Embodiments of the present disclosure will now be described in detail with reference to the accompanying drawings. Reference will now be made in detail to the preferred embodiments of the present disclosure, examples of which are illustrated in the accompanying drawings. Wherever possible, the same reference numbers will be used throughout the drawings to refer to the same or like parts. Further, although the terms used in the present disclosure are selected from publicly known and used terms, some of the terms mentioned in the specification of the present disclosure may be selected by the applicant at his or her discretion, the detailed meanings of which are described in relevant parts of the description herein. Furthermore, it is required that the present disclosure is understood, not simply by the actual terms used but by the meaning of each term lying within.

The above and other objects, features and advantages of the present invention will become apparent to those skilled in the art from the following detailed description of the present invention with reference to the accompanying drawings.

FIG. 1 is a schematic diagram of a first training lens 100 for near field use according to the present invention;

FIG. 2(1) is a schematic structural diagram of a first embodiment of a remote second training lens 200 according to the present invention;

FIG. 2(2) is a schematic structural diagram of a second embodiment of a remote-use second training lens 200 according to the present invention;

FIG. 3 is a schematic view of the first and second training lenses applied to the frame to form training glasses;

FIGS. 4(1) and 4(2) illustrate a front view and a side view, respectively, of the exercise apparatus of the present invention;

FIGS. 5(1) and 5(2) are schematic diagrams respectively illustrating the use states of the distance adjusting unit using the training device of the present invention;

FIG. 6 is a schematic diagram illustrating the use of one embodiment of the training glasses and training device of the present invention;

FIG. 7 illustrates a top view of the embodiment of FIG. 6;

FIG. 8 is a schematic diagram illustrating a single-vision effect of two eyes obtained by the central training optotypes seen by the left and right eye views and then reversely fused by the brain vision center;

FIG. 9 is a schematic diagram showing the positions of a central training optotype and peripheral training optotypes on a display unit;

fig. 10(a) to 10(g) show schematic diagrams of training using a training optotype.

Reference numerals

100-first training lens

101-first refractive training area of first training lens

102-second refractive training area of first training lens

103-transition zone of the first training lens

200-second training lens

201-first refractive training area of second training lens

202-second refractive training area of second training lens

203-third refractive training zone of second training lens

204-transition zone of the second training lens

5-training glasses

51-training spectacle frame

300-training device

301-training screen unit

302-Adjustable head rest

303-Adjustable chin rest

304-distance adjusting unit

305-Screen first zone

306-screen isolation area

3061-front panel unit

3062-backboard unit

307-Screen second area

308-antiskid base

309-Stent

400-display unit

4011-first Central training optotype

4012-second Central training optotype

4021-first peripheral training optotype

4022-second peripheral training optotype

403-display spacer region

4041-first central training optotype imaging

4042-second central training optotype imaging

4043-fusing images

Detailed Description

In order to more clearly illustrate the technical solutions of the embodiments of the present application, the drawings used in the description of the embodiments will be briefly introduced below. It is obvious that the drawings in the following description are only examples or embodiments of the application, from which the application can also be applied to other similar scenarios without inventive effort for a person skilled in the art. Unless otherwise apparent from the context, or otherwise indicated, like reference numbers in the figures refer to the same structure or operation.
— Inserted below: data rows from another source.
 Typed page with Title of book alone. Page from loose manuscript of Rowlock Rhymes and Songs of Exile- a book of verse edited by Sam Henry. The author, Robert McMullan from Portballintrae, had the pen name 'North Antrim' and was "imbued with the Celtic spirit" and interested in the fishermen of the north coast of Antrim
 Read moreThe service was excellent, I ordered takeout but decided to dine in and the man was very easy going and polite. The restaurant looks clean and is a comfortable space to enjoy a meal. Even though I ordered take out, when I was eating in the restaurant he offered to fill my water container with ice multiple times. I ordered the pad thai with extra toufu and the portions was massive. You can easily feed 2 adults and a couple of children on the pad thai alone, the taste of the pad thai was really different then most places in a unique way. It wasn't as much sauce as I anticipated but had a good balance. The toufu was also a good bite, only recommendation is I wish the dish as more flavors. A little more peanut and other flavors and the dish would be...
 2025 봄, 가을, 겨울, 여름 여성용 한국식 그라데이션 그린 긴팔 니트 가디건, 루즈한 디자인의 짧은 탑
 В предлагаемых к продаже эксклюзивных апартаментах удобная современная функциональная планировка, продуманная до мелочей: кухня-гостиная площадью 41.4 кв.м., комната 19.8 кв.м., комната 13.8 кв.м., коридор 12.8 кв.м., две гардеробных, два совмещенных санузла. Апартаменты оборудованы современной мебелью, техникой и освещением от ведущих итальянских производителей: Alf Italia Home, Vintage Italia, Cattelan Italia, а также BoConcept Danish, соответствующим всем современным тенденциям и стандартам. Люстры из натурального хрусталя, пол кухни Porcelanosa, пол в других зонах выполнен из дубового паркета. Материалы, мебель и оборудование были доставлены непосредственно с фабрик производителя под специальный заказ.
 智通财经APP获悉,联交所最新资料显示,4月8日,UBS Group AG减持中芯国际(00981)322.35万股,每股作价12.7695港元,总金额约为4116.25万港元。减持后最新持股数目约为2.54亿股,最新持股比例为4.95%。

As used in this application and the appended claims, the terms "a," "an," "the," and/or "the" are not intended to be inclusive in the singular, but rather are intended to be inclusive in the plural unless the context clearly dictates otherwise. In general, the terms "comprises" and "comprising" merely indicate that steps and elements are included which are explicitly identified, that the steps and elements do not form an exclusive list, and that a method or apparatus may include other steps or elements.

The relative arrangement of the components and steps, the numerical expressions, and numerical values set forth in these embodiments do not limit the scope of the present application unless specifically stated otherwise. Meanwhile, it should be understood that the sizes of the respective portions shown in the drawings are not drawn in an actual proportional relationship for the convenience of description. Techniques, methods, and apparatus known to those of ordinary skill in the relevant art may not be discussed in detail but are intended to be part of the specification where appropriate. In all examples shown and discussed herein, any particular value should be construed as merely illustrative, and not limiting. Thus, other examples of the exemplary embodiments may have different values. It should be noted that: like reference numbers and letters refer to like items in the following figures, and thus, once an item is defined in one figure, further discussion thereof is not required in subsequent figures.
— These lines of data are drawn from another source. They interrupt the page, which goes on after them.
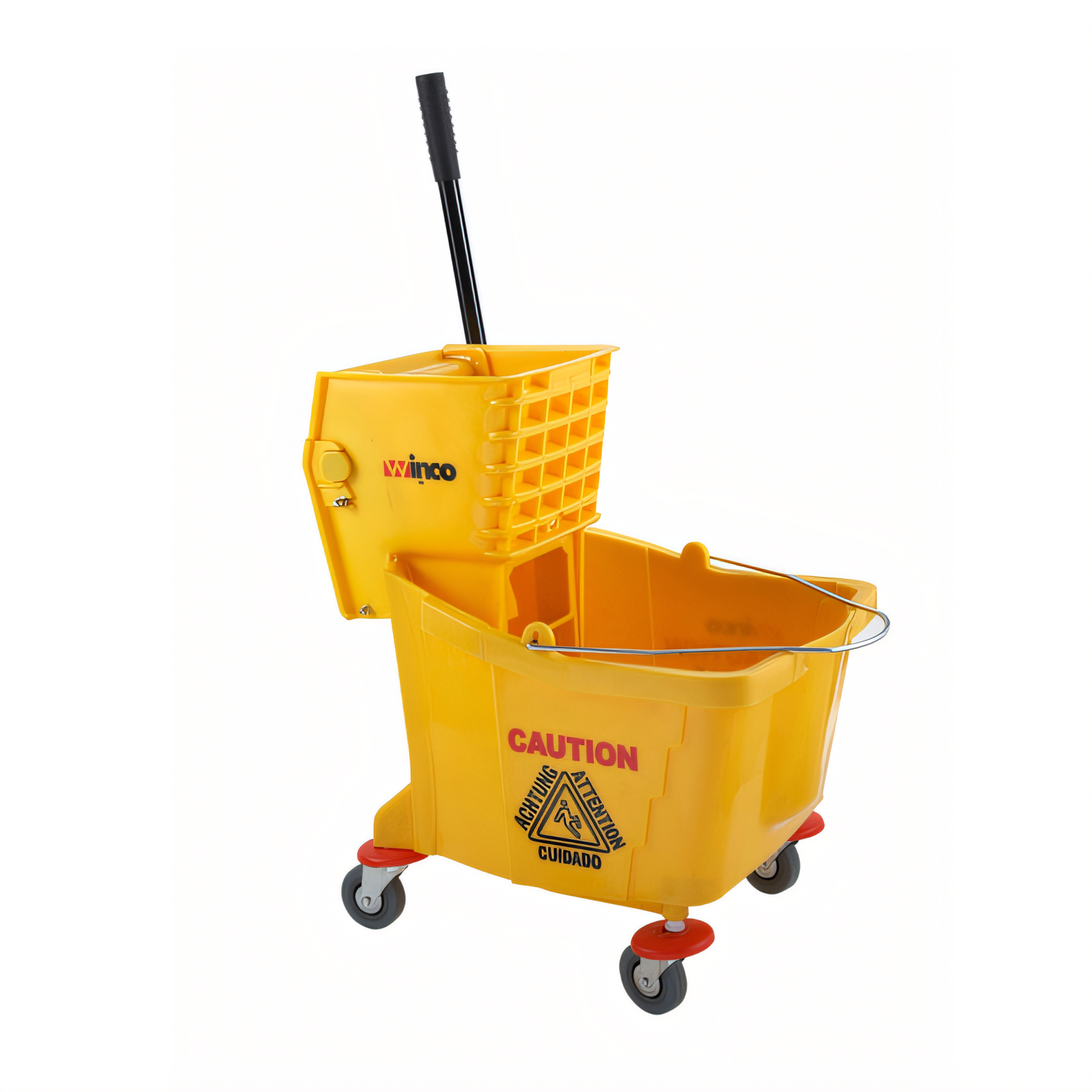 Winco MPB-36 36-qt yellow mop bucket with wringer—durable commercial cleaning, easy wringing and maneuvering for efficient janitorial work.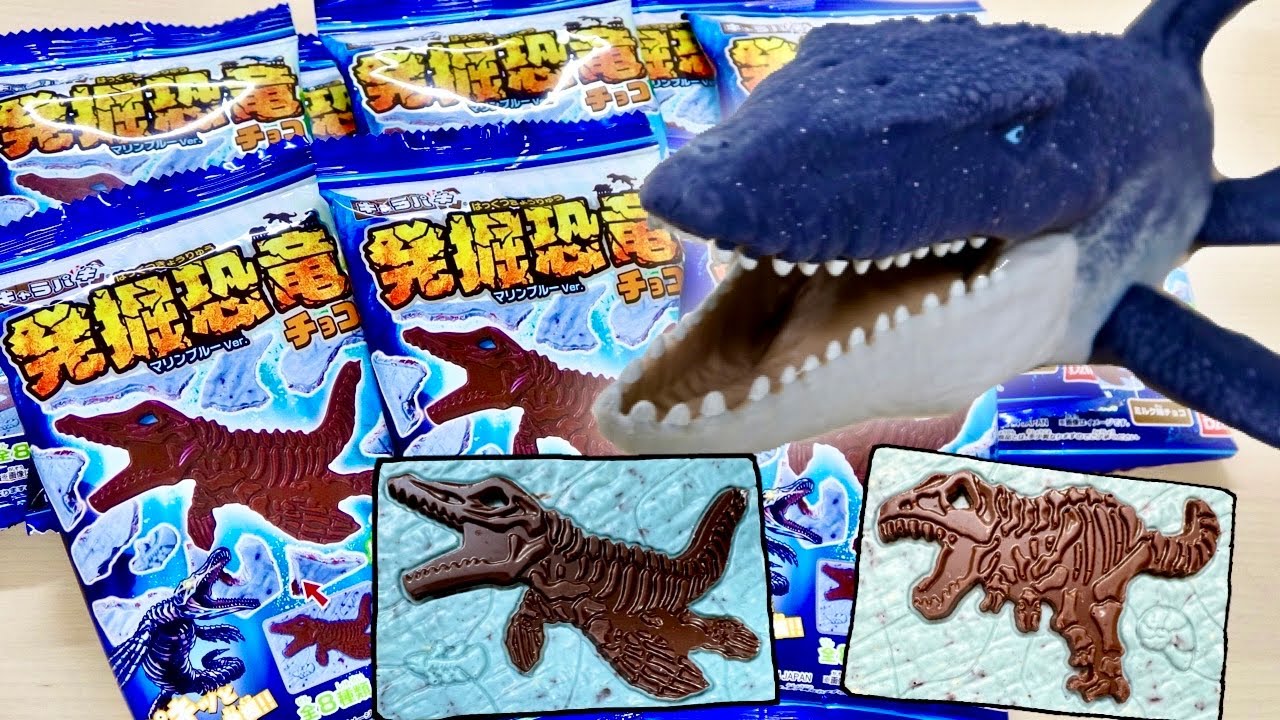 『キャラパキ 期間限定 発掘恐竜チョコ マリンブルーVer. 』期間限定 ラインナップの恐竜は前と同じで 味が変わってマスカット味になってました。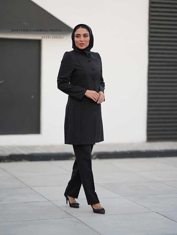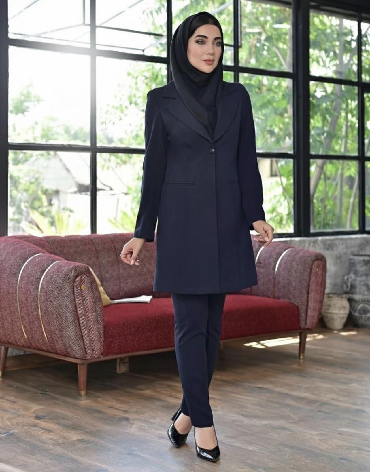 مانتو شلوار اداری یقه انگلیسی تک دکمه بلند فیونا کد 680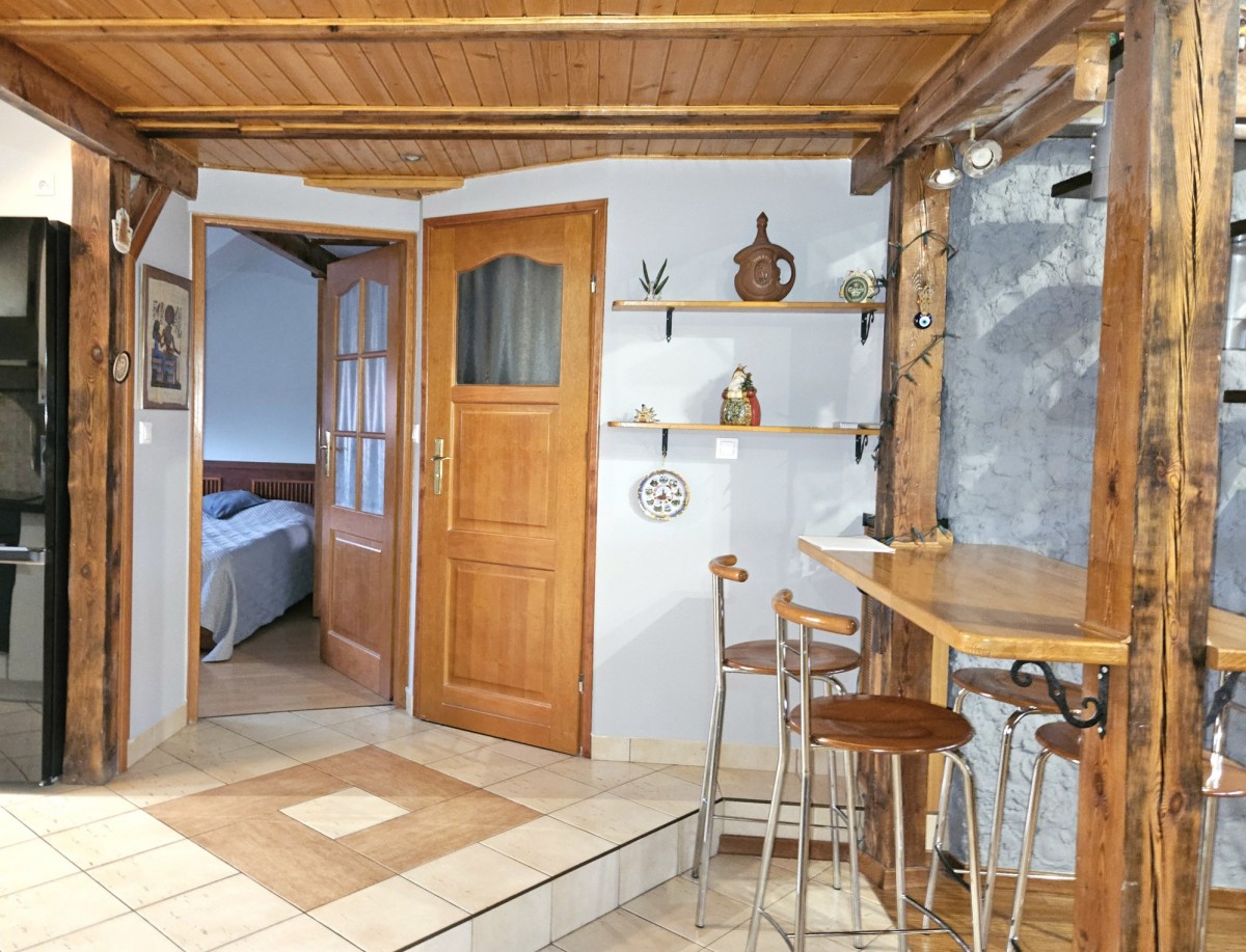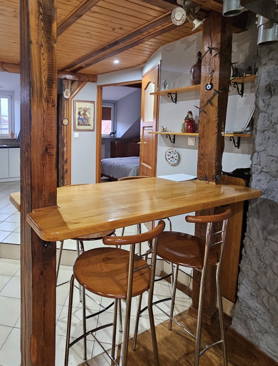 Wnętrze zachwyca niepowtarzalnym klimatem, który tworzą wyeksponowane oryginalne drewniane słupy i belki konstrukcyjne oraz otwarta przestrzeń. Dzięki temu lokal sprawia wrażenie samodzielnego domu usytuowanego na szczycie budynku.

In the description of the present application, it is to be understood that the orientation or positional relationship indicated by the directional terms such as "front, rear, upper, lower, left, right", "lateral, vertical, horizontal" and "top, bottom", etc., are generally based on the orientation or positional relationship shown in the drawings, and are used for convenience of description and simplicity of description only, and in the case of not making a reverse description, these directional terms do not indicate and imply that the device or element being referred to must have a particular orientation or be constructed and operated in a particular orientation, and therefore, should not be considered as limiting the scope of the present application; the terms "inner and outer" refer to the inner and outer relative to the profile of the respective component itself.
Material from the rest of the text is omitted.